Proposal: Integrate CodeChecker analyzer infrastructure

Hi,

We would like to add CodeChecker (https://github.com/Ericsson/codechecker) analyzer infrastructure.

This is an alternative tool to scan-build with extended functionality.
Some of the main features are: track issues over time, suppress false positives, detect new issues by comparing multiple analyzer run results,
view and compare results in a web browser or in the command line. A more detailed feature list can be found below (*).
The analyzer infrastructure is built in a way that integrating a new analyzer can be easily done.
We are developing a tool which can be used easily by the developers or by automated continuous integration tools and view the results from multiple analyzers in a common way.
We think it would serve as a good base for displaying and tracking bugs that can be detected by the other clang tools such as clang-tidy which is already supported.
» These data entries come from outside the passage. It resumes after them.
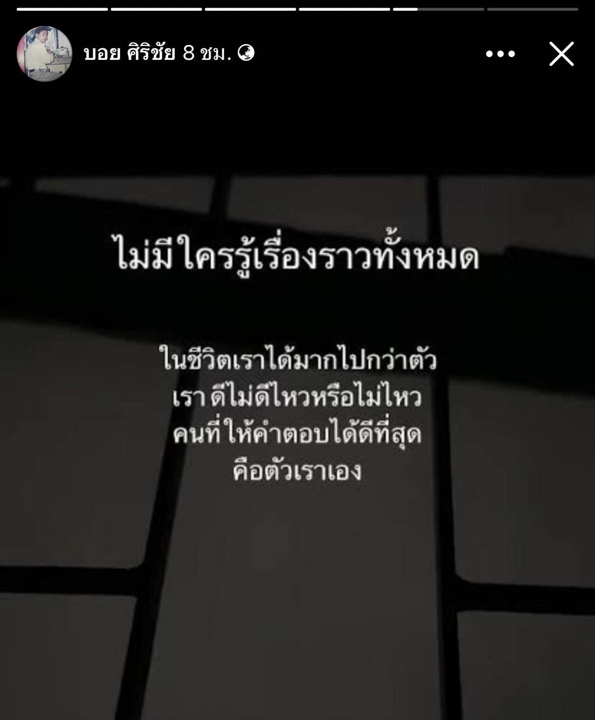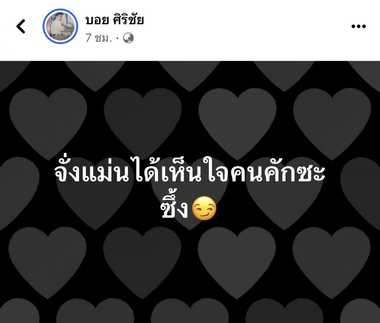 ในขณะที่ หนุ่มบอย ได้โพสต์เฟซบุ๊ก ระบุข้อความบอกว่า "จั่งแม่นได้เห็นใจคนคักซะ ซึ้ง" และแชร์โพสต์เรื่องชีวิตคู่เหมือนกับสาวแอน แชร์โปรไฟล์ใหม่สาวแอนด้วย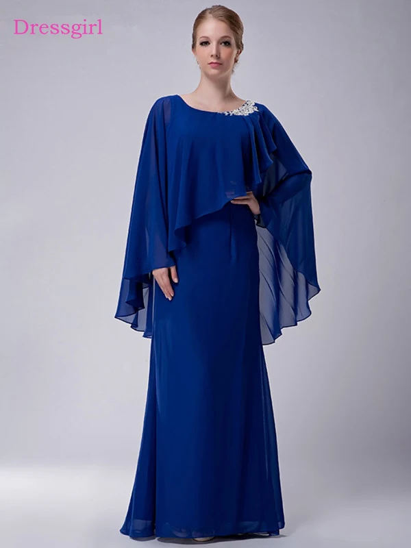 Cheap Royal Blue 2019 Mother Of The Bride Dresses Sheath Chiffon Appliques With Jacket Long Elegant Groom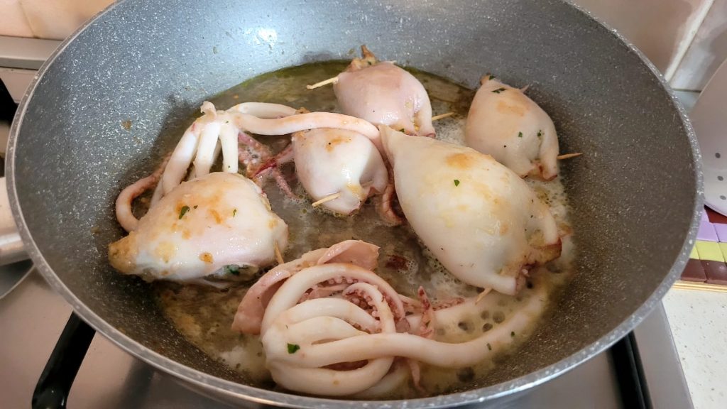 Baixe o fogo, coloque as lulas recheadas, os 2 tentáculos inteiros e deixe dourar por alguns minutos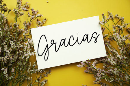 Gracias (Spanish language) text with flowers decoration on yellow background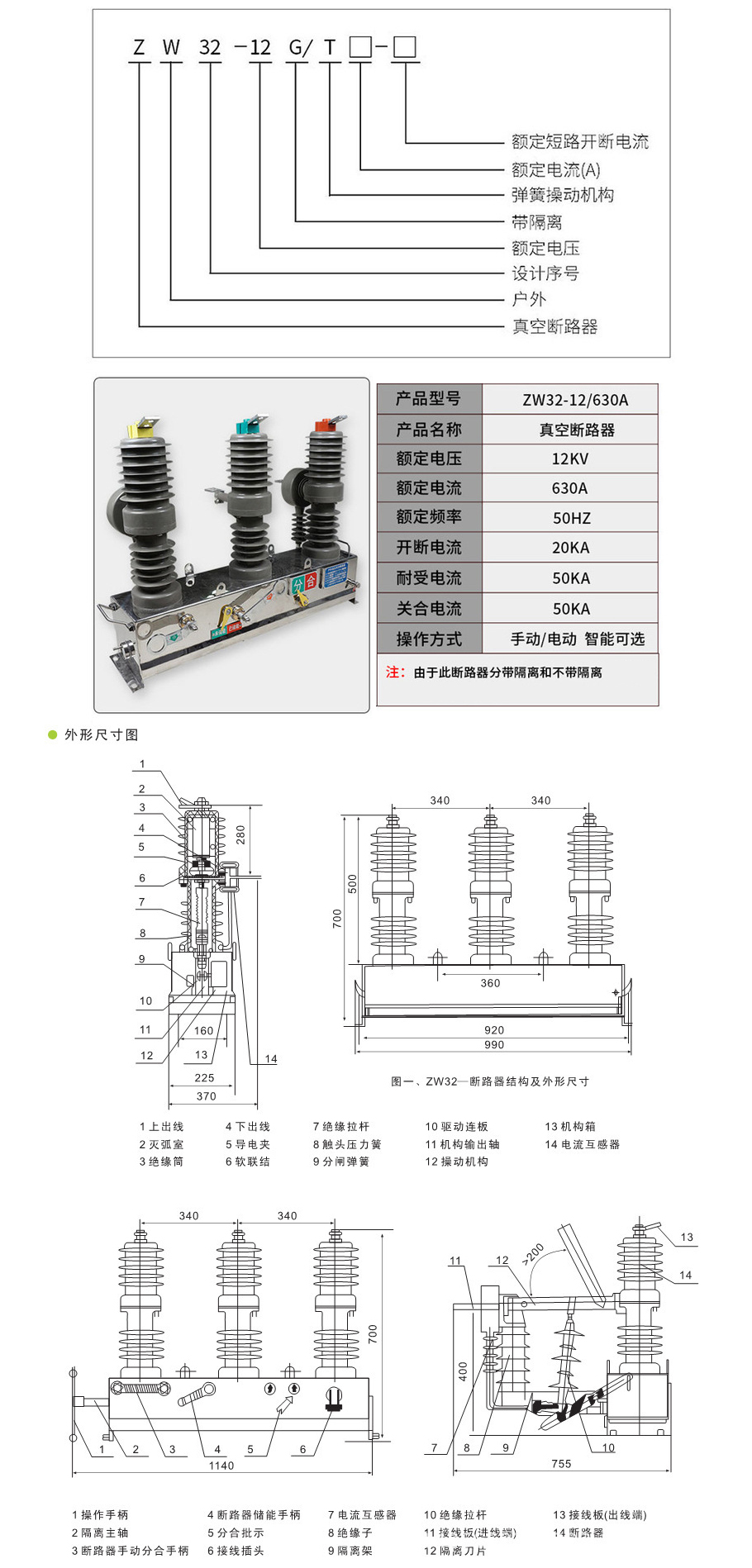 ZW32-12G不锈钢真空断路器(带隔离刀闸)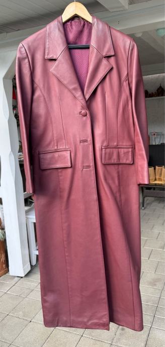 Ženska duga kožna jakna, nošena nekoliko puta, kao nova. Boja kao na fotografiji, nije crvena.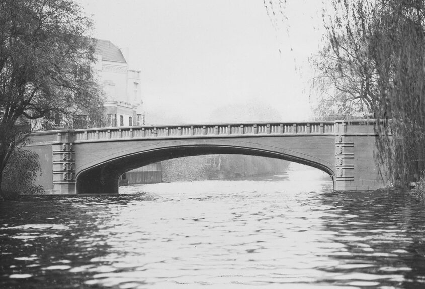 Die Skagerrakbrücke überbrückt einen Abzweig des kanalisierten Alsterlaufes im Verlauf der Rathenaustraße.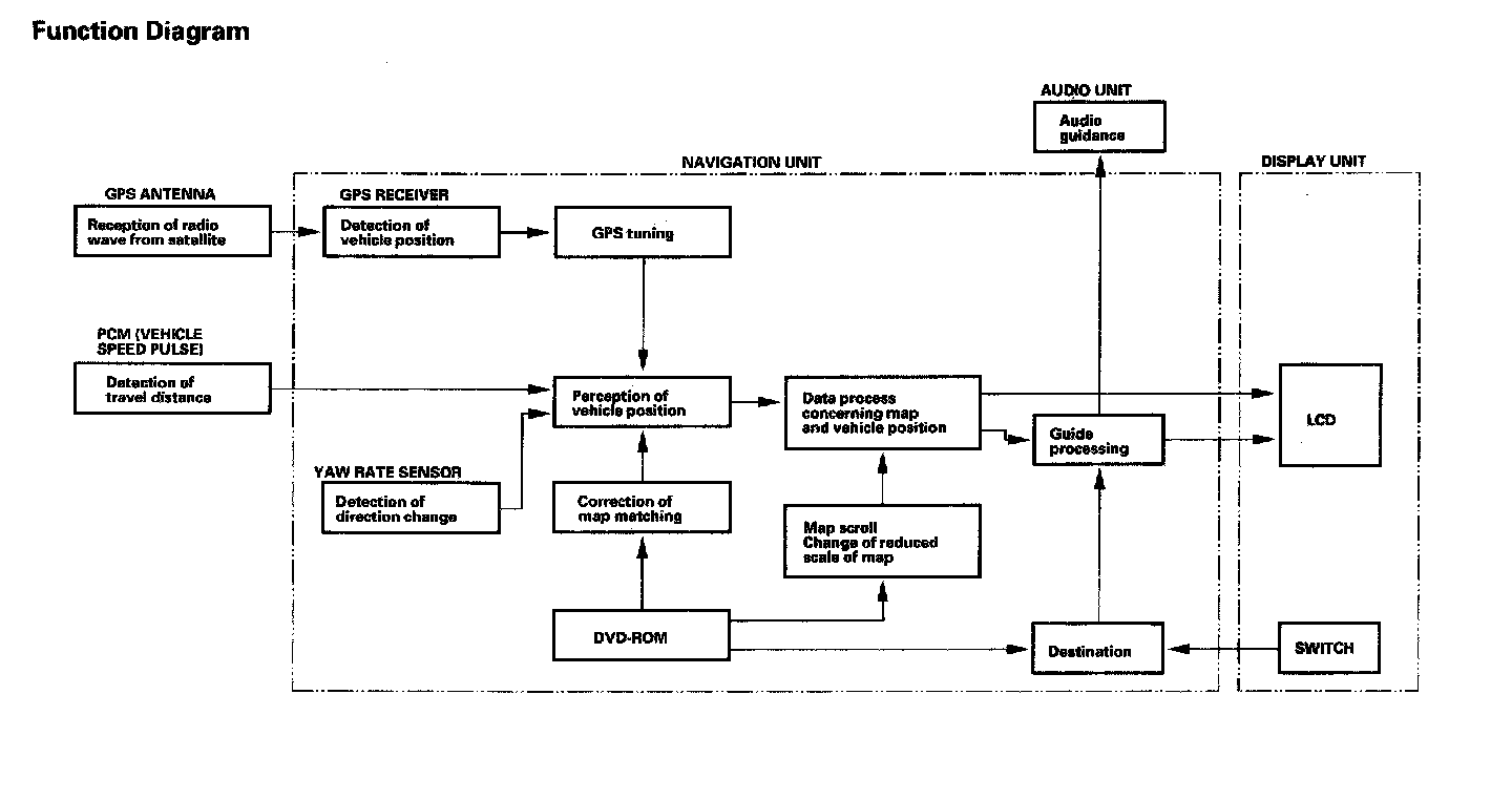 The navigation unit calculates the vehicle position and guides you to the destination. The unit performs map matching correction, GPS correction, and distance tuning. It also controls the menu functions and the DVD-ROM drive. With control of all these items, the navigation unit makes the navigation picture signal, then it transmits the signal to the display unit and audio driving instructions to the audio unit.

For example, you can find the analysis results of the LLVM code 3.6.2 and 3.7.1 here: http://modelserver.inf.elte.hu:5000

Main questions to the community:
0. Does the Clang community like the idea?
1. CodeChecker has some 3rd party dependencies see below (**), are they acceptable?
2. Is the community satisfied with the CodeChecker name?

Integration plan:
  0. CodeChecker should use scan-build.py (OSX support) to generate the compilation database instead of the current LD_PRELOAD technique
  1. Migrate CodeChecker testing infrastructure to the current LLVM testing infrastructure

(*) Most notably it extends the current tool set with the following features:
  - stores the result of multiple large analysis run results efficiently (opposed to scan-build/scan-view static htmls)
  - run multiple analyzers, currently Clang Static Analyzer and Clang-Tidy is supported
  - dynamic web based defect viewer (instead of static html)
  - a SQLite/PostgreSQL based defect storage & management (both are optional, results can be shown on standard output in quickcheck mode)
  - update analyzer results only for modified files (depends on the build system)
  - compare analysis results (new/resolved/unresolved bugs compared to a baseline)
  - filter analysis results (checker name, severity, source file name ...)
  - skip analysis in specific source directories if required
  - suppression of false positives (in config file or in the source)
  - Thrift API based server-client model for storing bugs and viewing results.
  - It is possible to connect multiple bug viewers. Currently a web-based viewer and a command line viewer are provided.
    (command line client is the recommended way to connect into Continuous Integration loops)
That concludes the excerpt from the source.